Top of Records provided
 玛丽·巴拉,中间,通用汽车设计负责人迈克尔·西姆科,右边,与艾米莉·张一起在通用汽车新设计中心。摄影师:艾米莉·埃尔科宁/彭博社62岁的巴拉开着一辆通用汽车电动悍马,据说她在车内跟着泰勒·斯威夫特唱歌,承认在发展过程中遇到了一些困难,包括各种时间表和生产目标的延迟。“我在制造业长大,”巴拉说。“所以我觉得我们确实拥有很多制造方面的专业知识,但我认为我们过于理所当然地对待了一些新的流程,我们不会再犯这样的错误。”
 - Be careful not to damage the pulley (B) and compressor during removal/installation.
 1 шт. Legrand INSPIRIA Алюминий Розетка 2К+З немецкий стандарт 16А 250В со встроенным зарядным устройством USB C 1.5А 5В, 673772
Bottom of Records provided
Top of Records provided
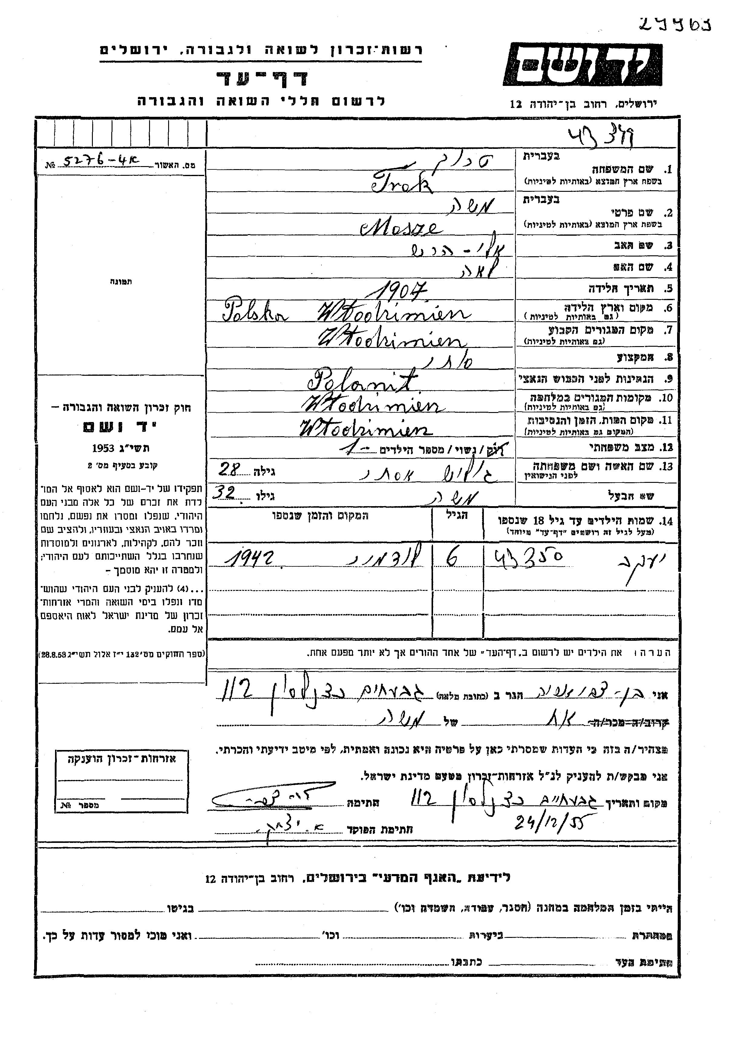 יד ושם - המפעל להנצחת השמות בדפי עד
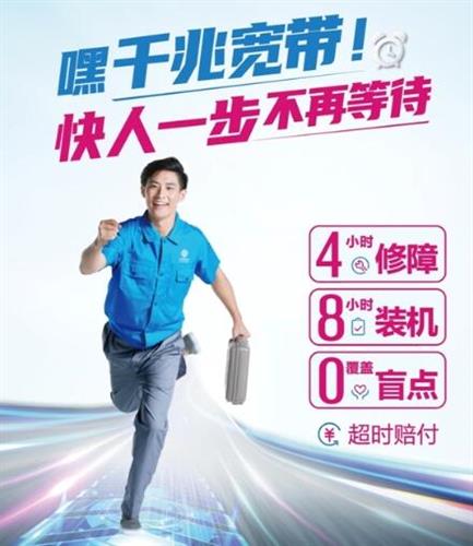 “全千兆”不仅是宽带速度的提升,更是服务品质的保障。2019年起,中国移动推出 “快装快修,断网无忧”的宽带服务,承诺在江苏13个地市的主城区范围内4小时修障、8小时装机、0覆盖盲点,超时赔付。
Bottom of Records provided
Action item: Please reproduce exactly the lines in the listing above from the one containing "玛丽·巴拉,中间,通用汽车设" through the one containing "1 шт. Legrand", both included, and nothing more.

Response:
 玛丽·巴拉,中间,通用汽车设计负责人迈克尔·西姆科,右边,与艾米莉·张一起在通用汽车新设计中心。摄影师:艾米莉·埃尔科宁/彭博社62岁的巴拉开着一辆通用汽车电动悍马,据说她在车内跟着泰勒·斯威夫特唱歌,承认在发展过程中遇到了一些困难,包括各种时间表和生产目标的延迟。“我在制造业长大,”巴拉说。“所以我觉得我们确实拥有很多制造方面的专业知识,但我认为我们过于理所当然地对待了一些新的流程,我们不会再犯这样的错误。”
 - Be careful not to damage the pulley (B) and compressor during removal/installation.
 1 шт. Legrand INSPIRIA Алюминий Розетка 2К+З немецкий стандарт 16А 250В со встроенным зарядным устройством USB C 1.5А 5В, 673772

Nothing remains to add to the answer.